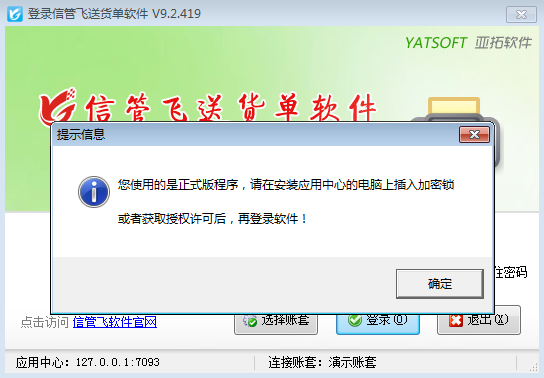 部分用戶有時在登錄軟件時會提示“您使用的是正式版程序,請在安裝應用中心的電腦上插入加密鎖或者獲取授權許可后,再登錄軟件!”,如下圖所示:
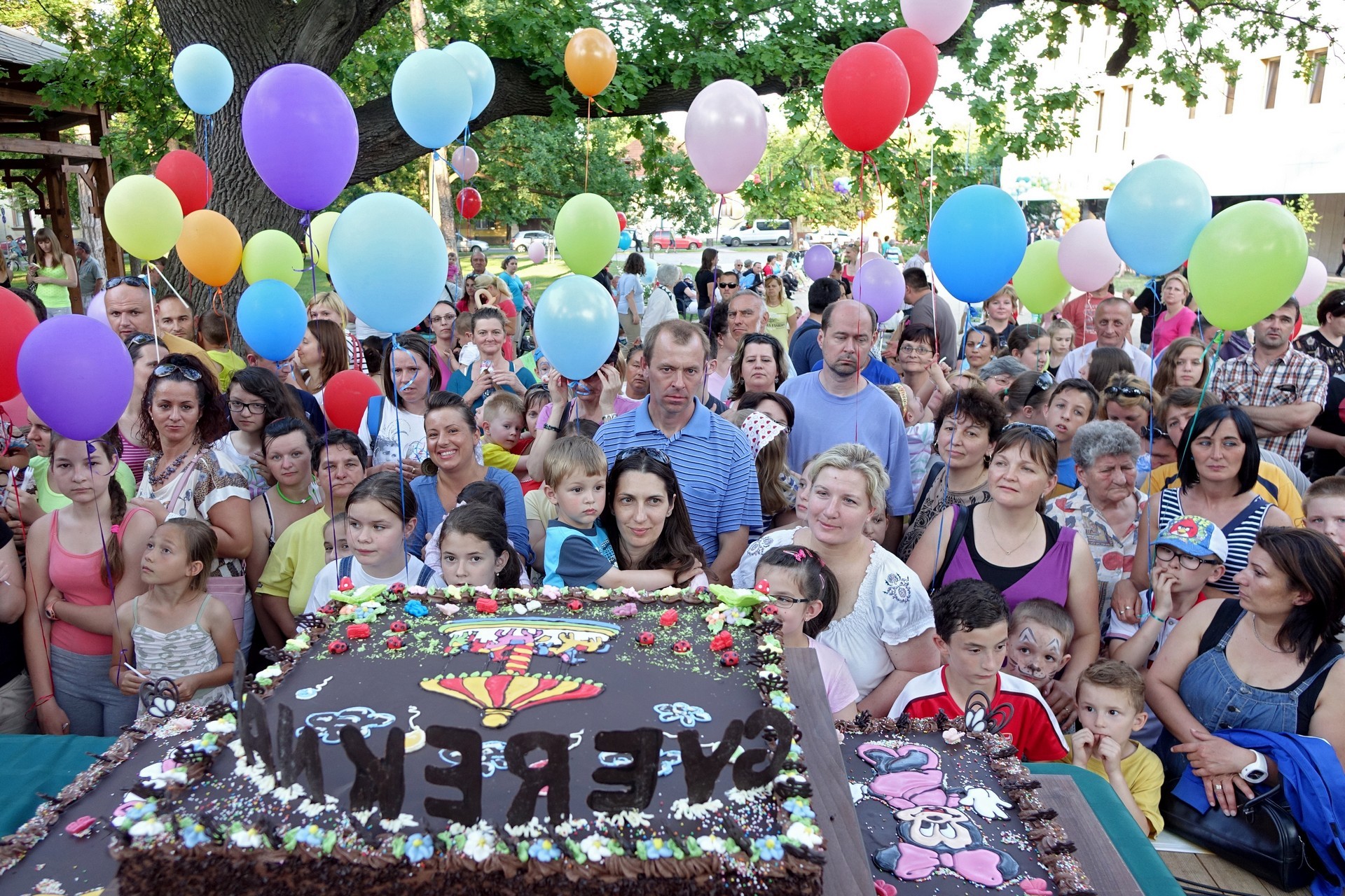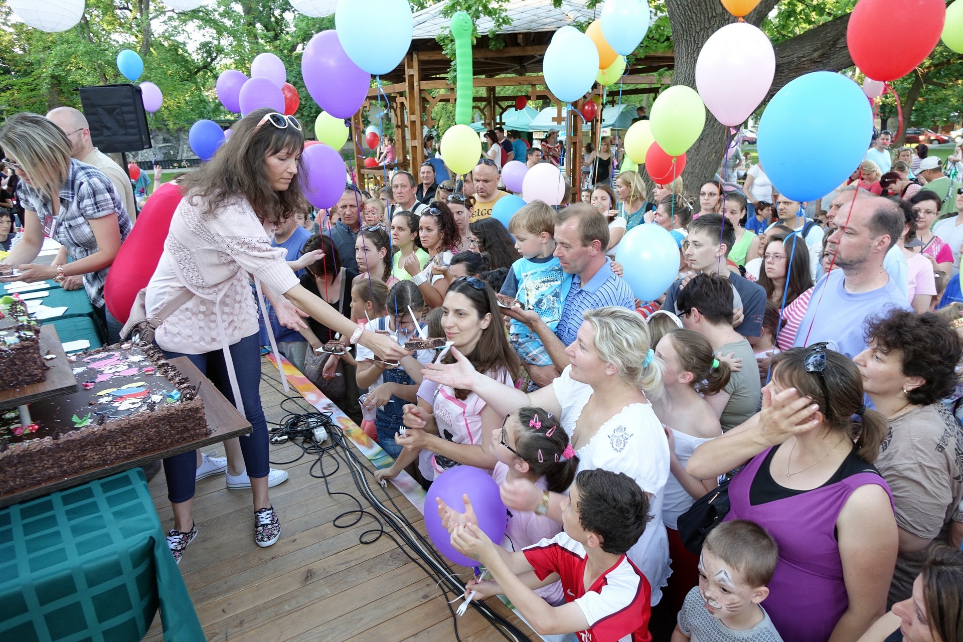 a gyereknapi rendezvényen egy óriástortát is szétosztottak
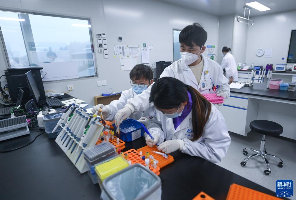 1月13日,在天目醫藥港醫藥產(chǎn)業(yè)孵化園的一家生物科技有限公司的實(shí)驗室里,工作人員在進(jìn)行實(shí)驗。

------------------------------------------------------------------------

Omit the pictures and write out exactly the lines from the one containing "a gyereknapi rendezvényen" through the last line of the material.

 a gyereknapi rendezvényen egy óriástortát is szétosztottak
 1月13日,在天目醫藥港醫藥產(chǎn)業(yè)孵化園的一家生物科技有限公司的實(shí)驗室里,工作人員在進(jìn)行實(shí)驗。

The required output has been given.